Just before I left for home, I was having a chat with 2 biker gang members who proved to be really interesting as well as entertaining.  One of them uttered a sentence I thought I'd never hear, "Man, Harleys are sh*t, don't know why we had them".  They both had Rocket 3's; more effective for doing a runner on, that's for sure!
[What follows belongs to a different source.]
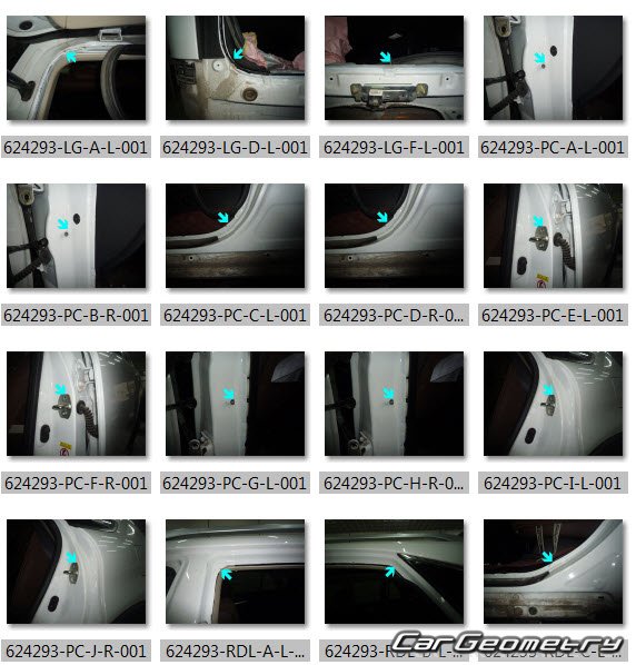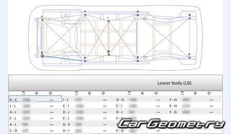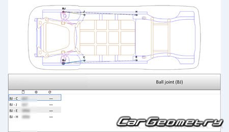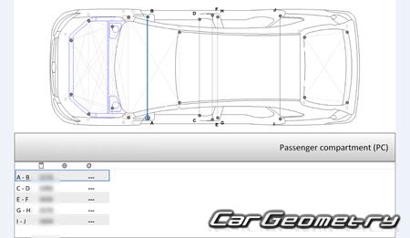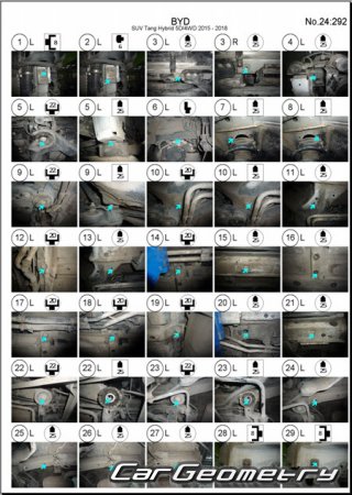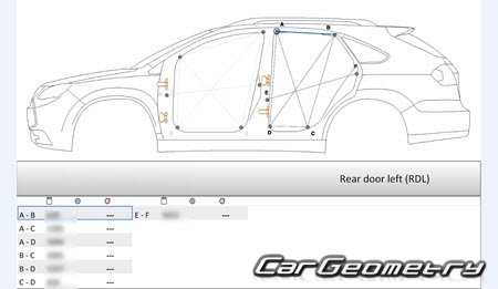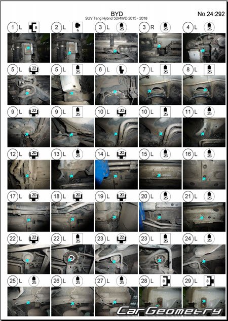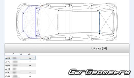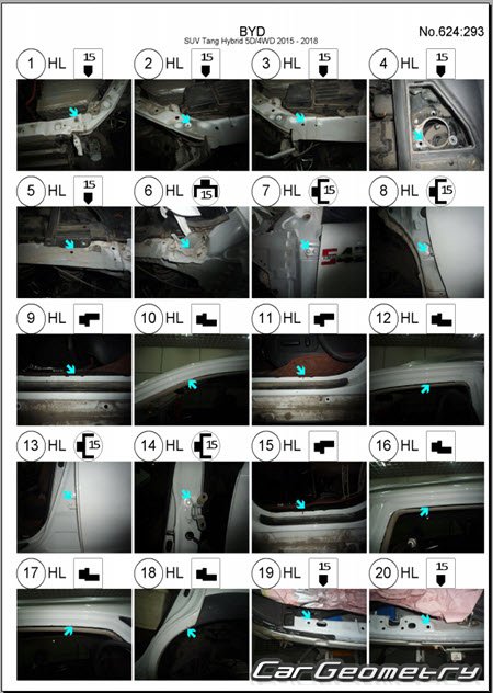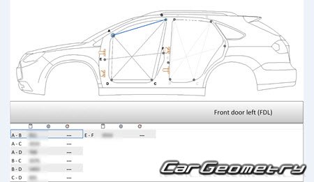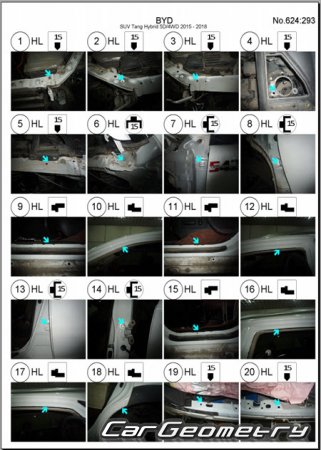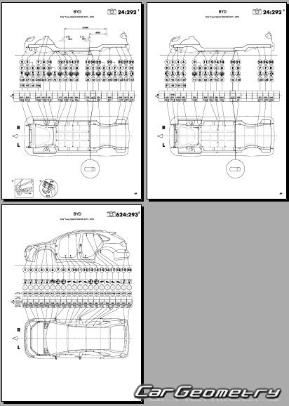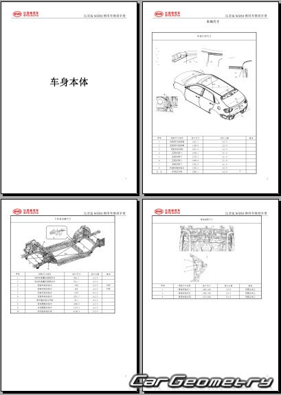 Body dimensions for restoring the body geometry of BYD Tang 2014–2018. With the help of this information, you can check the geometry of the damaged body, as well as carry out restoration work on the straightening of cars.

The ride home was glorious with warm temperatures and sparkling seas on the coast road.  In the town of Thames, a Triumph 675 Daytona and what was possibly a Triumph Bonneville America pulled out of a gas station  and followed me north up the twisty coast road.  I wasn't going to get sucked into a dick-waving contest so more or less stuck to the speed limit and maintained high cornering speeds to see what happened.  The Daytona rider stuck with me but made no attempt to pass and the guy on the cruiser got dropped off a bit.  The convoy re-grouped when I got baulked by a car in the twisties for a few moments which I then overtook down a straight bit.  The Daytona rider was content to sit on my tail at a sensible distance but the cruiser was hell-bent on getting past.  Unfortunately, it took him most of the straight to do it and he entered the next bend far too hot for his ground clearance and basic suspension, dancing all over the road with sparks coming off his stand or footpegs - quite a sight!   He must have been really close to filling his underpants as he slowed right up and waved me past.... what a hoot, but the consequences could have been much, much worse for him.  Would imagine that he felt a complete dick.

All in all, one of those days which makes the soul sing and most car drivers simply couldn't begin to understand.  Oh, and considering that I had a new air filter, oil and filter, new plugs, cam shim check, full diagnostics and a thorough check including a test ride; I thought that the charge of just over NZ$500 (US$400) was extremely reasonable!